The prospect of the world’s leading central banks moving more aggressively to curb inflation rattled financial markets on Tuesday, with stocks on Wall Street suffering their biggest one-day loss in nearly five months. The S&P 500 fell 2.04%, its biggest loss since May, as more than 85% of the stocks in the index declined, while Nasdaq slid 2.8% due to the fact that tech stocks are particularly sensitive to moves in interest rates and inflation. Furthermore, the five-year Treasury yield, hit its highest level in over a year on Tuesday, a clear sign investor were beginning to worry about higher inflation and slower growth.
European stocks sank to their lowest in a week on Tuesday as a surge in government bond yields knocked high-growth technology shares, with fresh signs of a slowdown in China’s economy weighing on investor sentiment. The FTSE 100, CAC 40, and DAX fell 0.5%, 2.17% and 2.09% respectively, as the tech stocks dropped 4.8% after their Wall Street peers continued to sell off.
Elsewhere in Asia, regional shares followed global stocks lower in Wednesday morning, after fears of faster monetary policy tightening by central banks. Japan led the falls in today’s morning session, with the Nikkei 225 index down by 2.4% during morning closure, while Hang Seng index and China’s CSI 300 both shed about 1% in morning trading.
In terms of the commodities, coal, carbon and European gas prices have all hit record highs as crude oil pushed above $80 a barrel to $80.7 on Tuesday peak. The three-year high for oil prices came as Opec forecast that global demand for crude would exceed 2019 levels in 2023 and continue to rise until 2035 before plateauing. On the other hand, the pound sank to its lowest point in eight months on Tuesday as investors worried that the fuel crisis sweeping the UK could lead to a sharp slowdown in growth at the same time as a surge in inflation. Sterling fell by 1.2% to $1.353 against the dollar, the biggest one-day drop this year.
Figure 1 (Source: IS Prime) GBPUSD Daily: Sterling has now lost nearly 5% against the dollar since its peak of just above $1.42 in late May.Headliner to Review
- US consumer confidence has fallen again in September.

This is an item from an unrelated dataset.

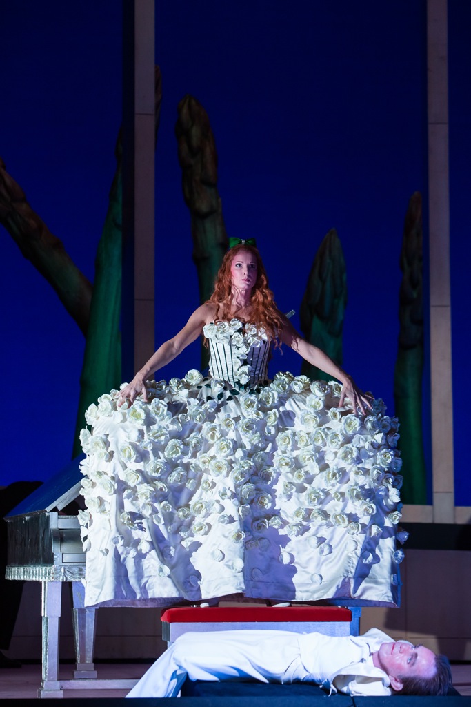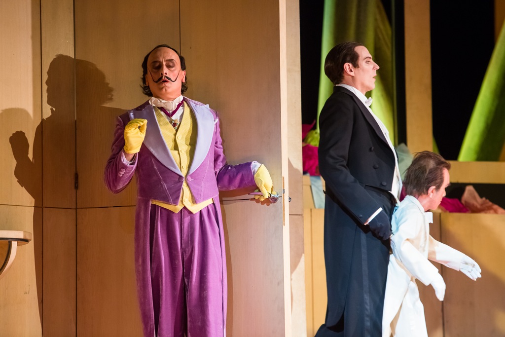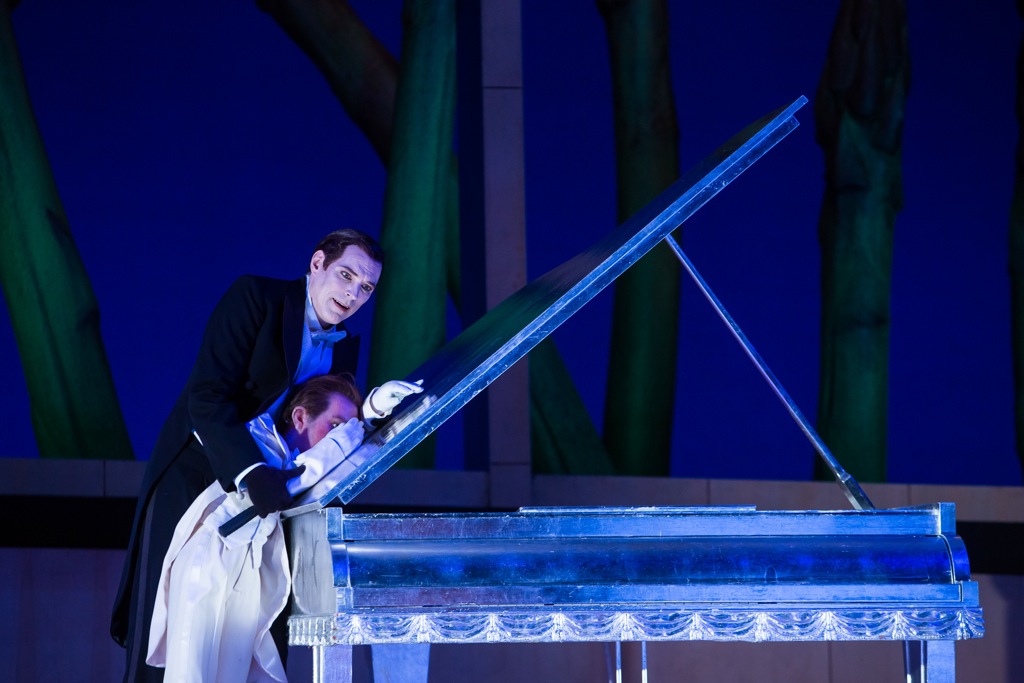 Постановщики в Парижской Опере пошли третьим путём: они сделали из исполнителя партии карлика одновременно и кукловода, ему приходится весь спектакль таскать по сцене куклу, в которой, кстати, нет ничего безобразного, она, скорее, даже симпатичная. Ноги куклы намертво привязаны к ногам певца, это сковывает его жесты. В результате он марширует по сцене из угла в угол.

It is now at 109.3 versus 115.2 in August with the present situation and expectations components falling similar amounts, which reinforces the message that the economy has hit a speed bump in the third quarter with the resurgence of Covid having made households more cautious.
- COVID lockdowns have continued to weigh heavily on Australia’s retailers as sales dropped for a third straight month. The newly released retail turnover fell 1.7% to $29.3 billion in August, following a 2.7% slump in July and a 1.8% slide in June.
Headliner to Watch
- The Chinese Manufacturing PMI will be announced in tomorrow, expected to be 50 compared to 50.1 in August.
- US quarterly GDP figure is forecasted to grow by 6.6%, in line with the last quarter of an expansion of 6.6%.